Pengaruh cara berpikir ini, bisa dipengaruhi oleh suasana hati dalam diri seseorang. Makanya ada istilah dibawa perasaan (baper), ini membuktikan bahwa hal-hal sepele bisa dibesarkan karena perasaan. Orang yang ingin mengenali dirinya sendiri sedapat mungkin seseorang itu bisa mengendalikan diri dari hal yang dirasa agar tidak dimasak menjadi perasaan, semoga mudeng yang saya maksud.

Bukti contoh kebaperan yang diikuti cara pandang aktifitas seseorang adalah ketika istilah "numpak" diikuti dengan alat transportasi. Saya selalu bercermin ketika menggunakan alat transportasi apapun kecuali naik pesawat. Perkataan jujur saya, patut di pertaruhkan karena saya berbagi hal atas dasar apa yang saya lihat, apa yang saya alami dan apa yang saya rasakan

Ketika naik sepeda saya sering kali merasa jengkel kepada pengguna jalan lain baik motor ataupun mobil yang seenaknya nyalip kencang dari belakang. "Jane, pengin misuh, tapi kok wagu, lha wonge ora ngerungu semisal tak pisuhi karo juga yo ora patut.". Akhirnya hanya berhenti tarik nafas sejenak sembari gelengkan kepala. Banter-banternya, "Syem...kaged tenan jhe, mak lap!"

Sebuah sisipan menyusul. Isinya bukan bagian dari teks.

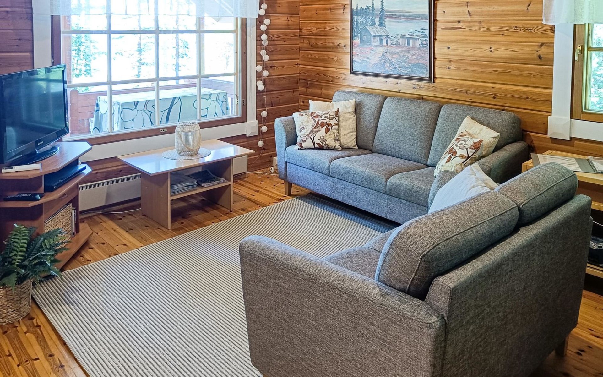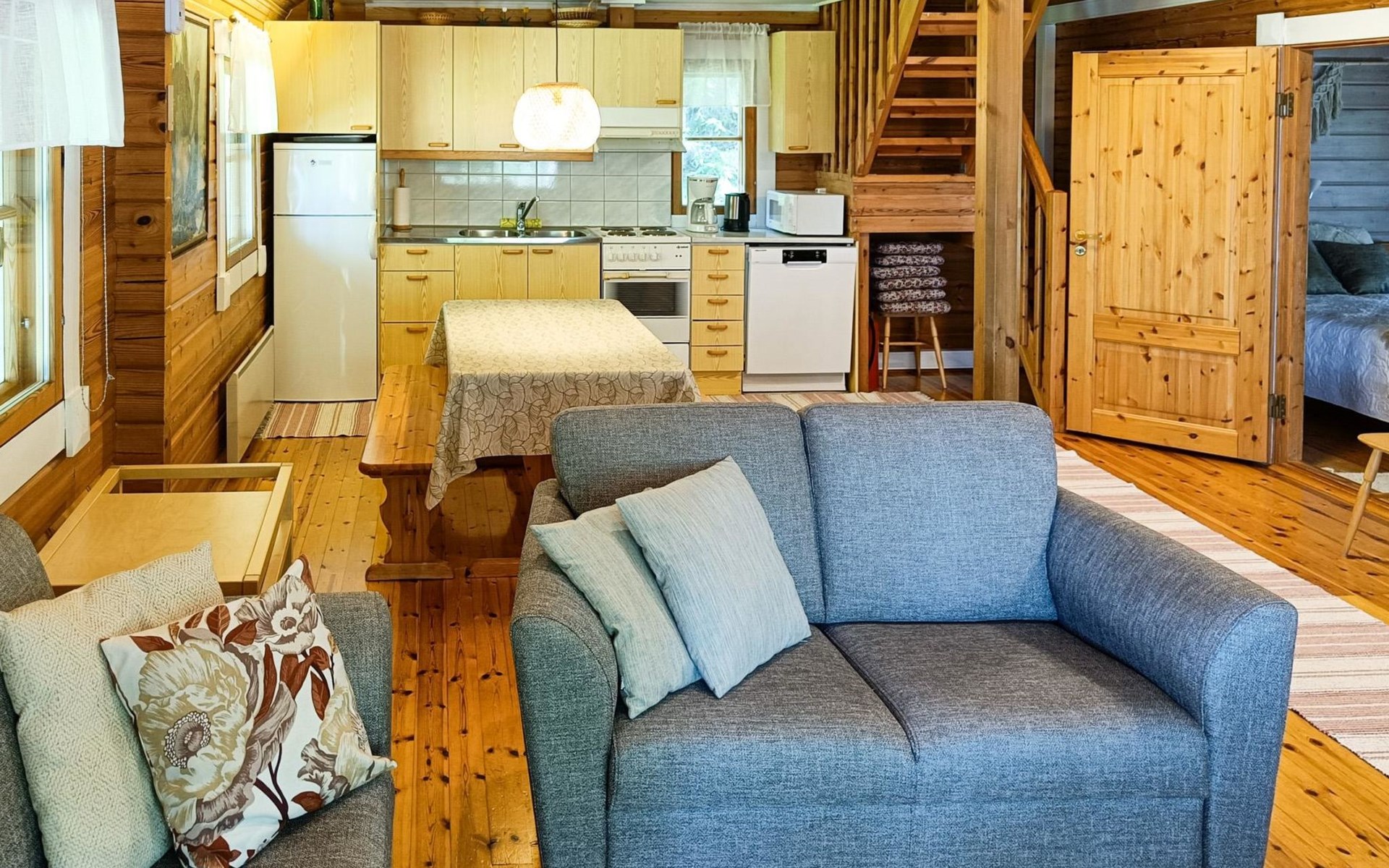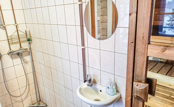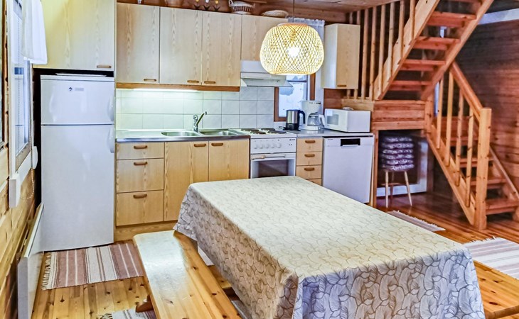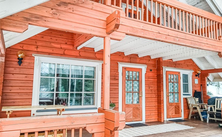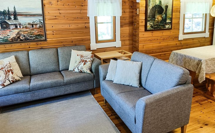 Log cabin 1997, living room/kitchen, bedroom with double bed, washing room - toilet, sauna, open veranda, terrace.

Begitu juga saat naik motor, meski sudah sangat berhati-hati di jalan tetap saja menimbulkan masalah. Jalan pantura yang sudah 2 jalur seakan masih kurang saat truk badan besarpun tak mau mengalah. Saling menyalip satu sama lain. Motor roda dua pun tersisih ngrusuk hingga bahu jalan. Biasanya pemandangan ini berubah pas musim hujan mirip iklan detergen. Ketika bus lewat siap-siap sepeda motor dihujani kubangan air disamping jalan, basah kuyup pasti.

Keadaan berbeda, saat saya kebeneran nebeng naik mobilnya teman. Saya melihat jelas kesembronoan pengguna roda dua nyalip motong jalan kemudian tiba-tiba berhenti di depan. Seakan pingin nimpuk mukanya pakai uang seratus ribuan. Belum lagi ketika mobil sudah memberikan lampu dim untuk memintan kesempatan menyeberang masih saja pengguna sepeda motor melaju dengan kencangnya. "Ah...betapa malangnya nasib Pak Sopir, sudah sesuai peraturan orang lain yang melanggar."

Dari situlah saya menikmati heterogenitas karakter manusia saat berkendara. Kenikmatan bercermin diri sendiri ketika di jalan raya. Minimal ketika naik sepeda harus siap konsekuensinya sebagai kaum minoritas di jalan. Esensi terakhir ketika naik motor saya tidak akan sembrono kepada pak sopir dan terakhir saya no komen bercermin harus menghormati siapa ketika naik pesawat.